3. a watch on my mouth, / a guard at the door of my lips. As in many of the supplications, the malicious intention of the speaker’s enemies seems to manifest itself in vicious speech. The special emphasis here is on the speaker’s prayer that he not answer them in kind, that he keep his own speech from slander and invective.

4. an evil word. Although davar can also mean “thing,” the focus on acts of speaking suggests that its other sense, of “word,” is more salient here. A revocalization proposed by Rabbi Israel Stein, ledaber instead of ledavar, yields “to speak evil.”

5. the faithful rebuke me. It is at this point that the coherence of the Hebrew text breaks down, and grave textual problems persist until the end of verse 7. The Masoretic Text appears to say literally, “May the righteous man strike me kindness.” Attempts to rescue this by interpreting ḥesed as “with kind intention” or “in loyalty” are strained. The translation reads instead of ḥesed the noun ḥasid, meaning “the faithful person” and making it the subject of “rebuke me,” dropping the waw (“and”) before that verb.

Let no wicked man’s oil adorn my head. This whole clause is problematic in the Hebrew, which seems to say “Let not oil of the head negate [?] my head.” The translation assumes that the first roʾsh (“head”) has been inadvertently duplicated from the second, and originally read rashaʿ, “wicked man.” The verb yani here is anomalous, lacking the aleph at the end that would make it mean “negate” and not corresponding to any recognizable Hebrew verb formation.
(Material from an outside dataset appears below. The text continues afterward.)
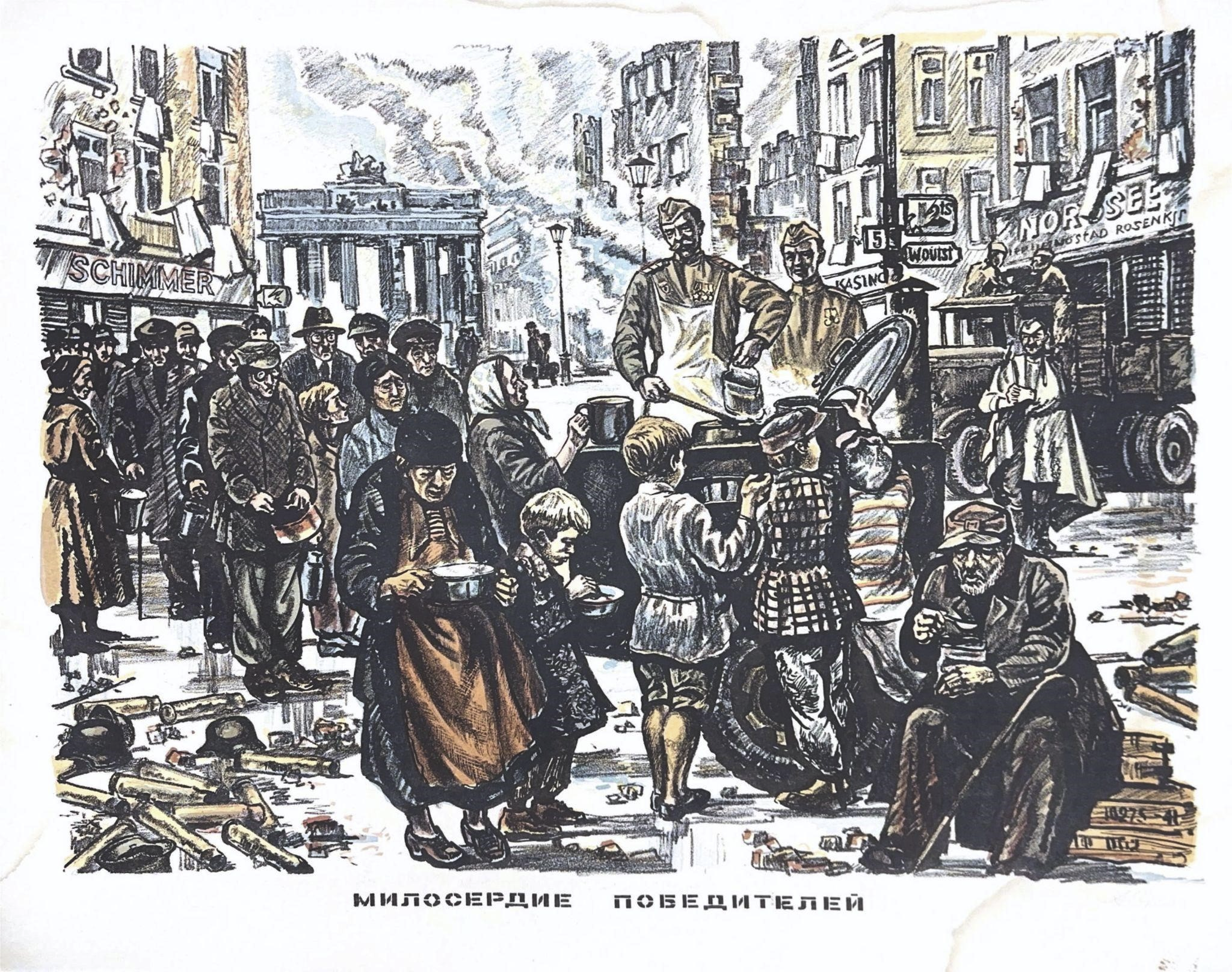 Еще по мере приближения к логову фашистского зверя, на освобожденных территориях советская армия брала на себя задачу кормить гражданское население. Для решения этого вопроса на помощь голодающим пришли полевые кухни. На разрушенных войной улицах к армейским кухням выстраивались очереди мирных жителей.

The translation guesses it may derive from the root n-w-h (“to be beautiful,” yielding noy, “beauty” in postbiblical Hebrew). Oil on the head was regarded as a pleasure and an enhancement. Whatever the obscurity, the line means to contrast the preferability of being rebuked by the righteous to the pleasures of the wicked.

6. Let their leaders slip on a rock. Everything in this segment of text is doubtful. The noun shoftim usually means “judges,” but in the Book of Judges it designates an ad hoc military leader, and the judicial sense may be unlikely here. The phrase “slip on a rock” is peculiar, especially because the Hebrew says, quite unidiomatically, “in the hands of a rock,” and the form of the verb used here does not ordinarily indicate a jussive. Perhaps “rock” belongs somewhere in the splitting of the earth of the next verse.

7. As when the earth is parted and split. Here it is the grammar that is baffling because both Hebrew verbs are active and transitive, with no grammatical subject in sight. Rashi proposes an elided “tree” as the subject of the parting and splitting, though the imagery looks more like an earthquake.

our bones are scattered in the mouth of Sheol. As the text stands, this would be an expression of the dire plight of the speaker and his friends (the latter rather suddenly introduced, it must be said) beset by evil people. One version of the Septuagint and the Syriac reads instead “their bones,” making this a continuation of the catastrophe that overtakes the wicked in the previous verse.

8. my eyes turn. “Turn” is merely implied in the Hebrew.